**Activity**
Transcribe only what runs from the line containing "2025 年,线上渠道增速虽然进一步放缓,但表现好于线下门店。海外方面,美国服装及服饰店销售自2023 年下半年以来到" through the end of the listing, line for line and exactly, and omit the pictures.

**Dataset content**
BEGIN
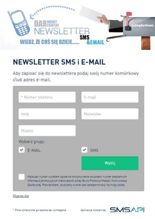 W marcu bieżącego roku oddaliśmy do Państwa użytku, unowocześnioną wersję darłowskiego newslettera SMS i e-mail. Jest to technicznie najlepsze rozwiązanie na rynku (dostarczane przez firmę SMSAPI), bo pozwala osobie administrującej newsletter, wysyłać wiadomości z zaplanowanym terminem dostarczenia wiadomości, oraz dostarczania wiadomości zgodnych z najnowszymi trendami i technologiami smartphone.
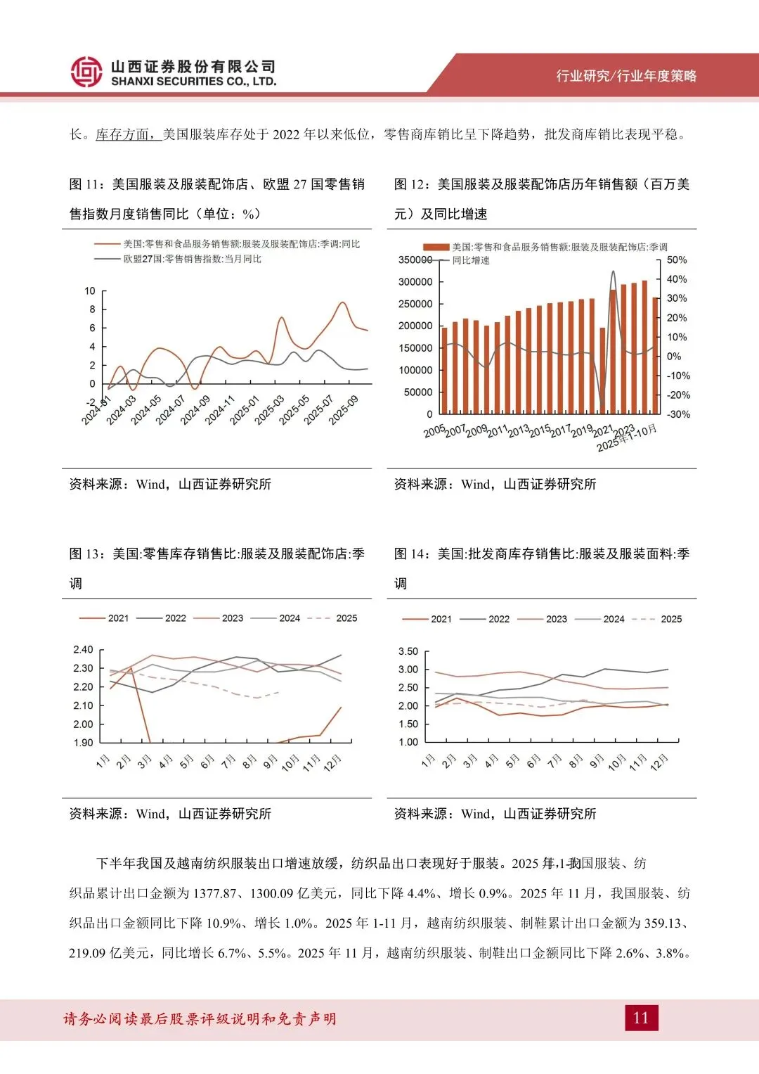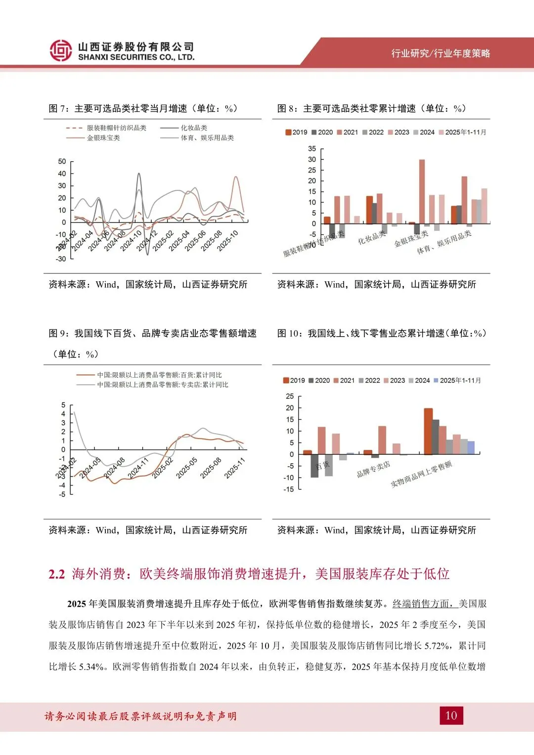 2025 年,线上渠道增速虽然进一步放缓,但表现好于线下门店。海外方面,美国服装及服饰店销售自2023 年下半年以来到 2025 年初,保持低单位数的稳健增长,2025 年 2 季度至今,销售增速提升至中位数附近,2025 年(截至 10 月),美国服装及服饰店销售累计同比增长 5.34%。欧洲零售销售指数自 2024 年以来,由负转正,稳健复苏,2025 年基本保持月度低单位数增长。美国服装库存处于 2022 年以来低位,零售商库销比呈下降趋势,批发商库销比表现平稳。
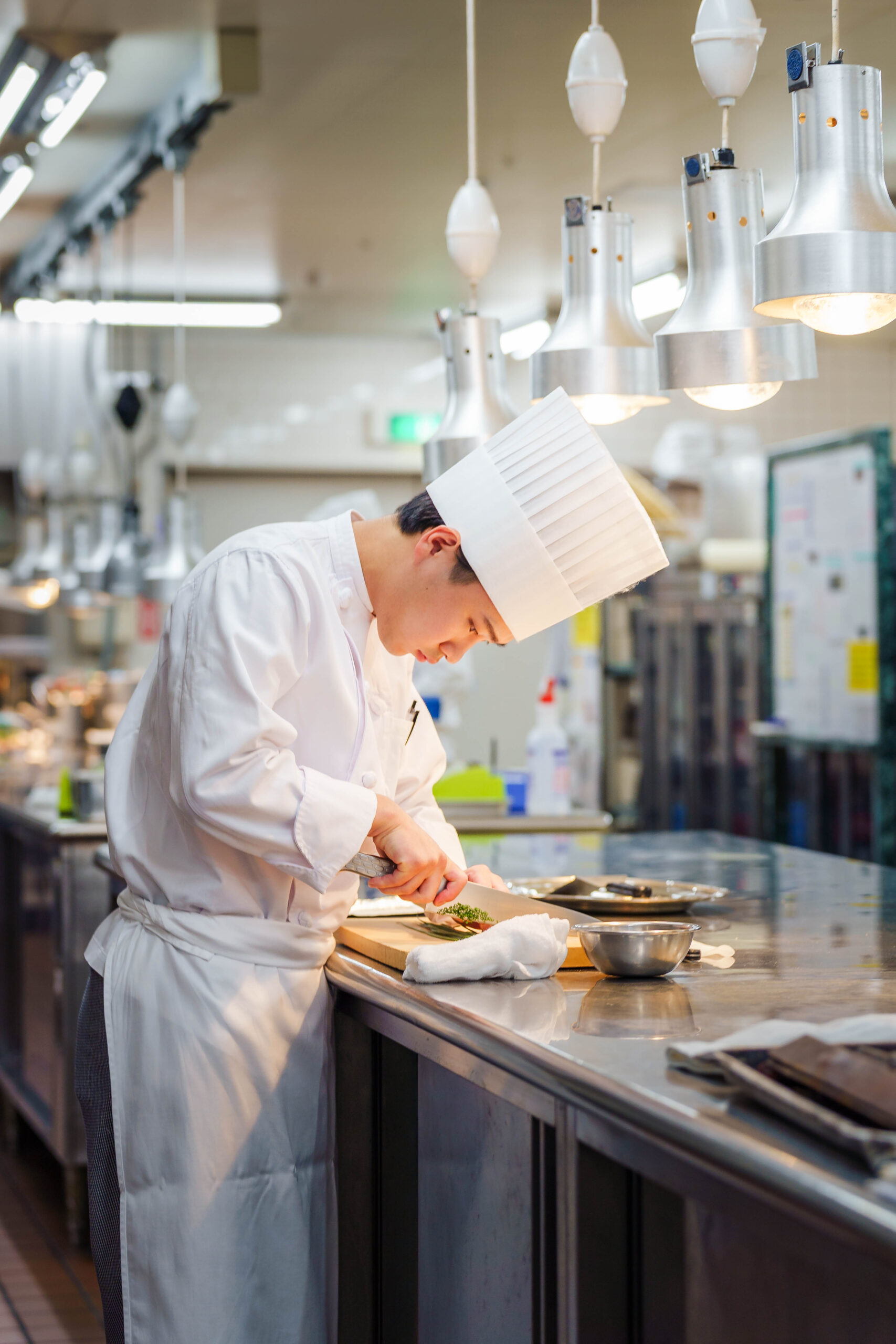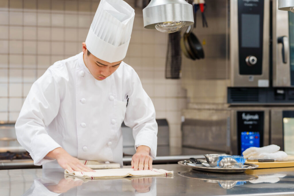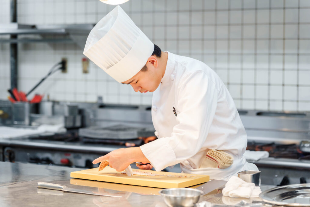 コンクールを経験して一番変わったのは、「常に見られている」という意識です。本番ではタオルの折り方ひとつまで見られていたので、普段からお客様から見えない部分でも丁寧さを心がけるようになりました。日常業務に戻ってからも自然と身だしなみや所作に気を配れるようになり、今ではお客様の前でも堂々と調理できる自信がつきました。
END
**Answer space**
 2025 年,线上渠道增速虽然进一步放缓,但表现好于线下门店。海外方面,美国服装及服饰店销售自2023 年下半年以来到 2025 年初,保持低单位数的稳健增长,2025 年 2 季度至今,销售增速提升至中位数附近,2025 年(截至 10 月),美国服装及服饰店销售累计同比增长 5.34%。欧洲零售销售指数自 2024 年以来,由负转正,稳健复苏,2025 年基本保持月度低单位数增长。美国服装库存处于 2022 年以来低位,零售商库销比呈下降趋势,批发商库销比表现平稳。
 コンクールを経験して一番変わったのは、「常に見られている」という意識です。本番ではタオルの折り方ひとつまで見られていたので、普段からお客様から見えない部分でも丁寧さを心がけるようになりました。日常業務に戻ってからも自然と身だしなみや所作に気を配れるようになり、今ではお客様の前でも堂々と調理できる自信がつきました。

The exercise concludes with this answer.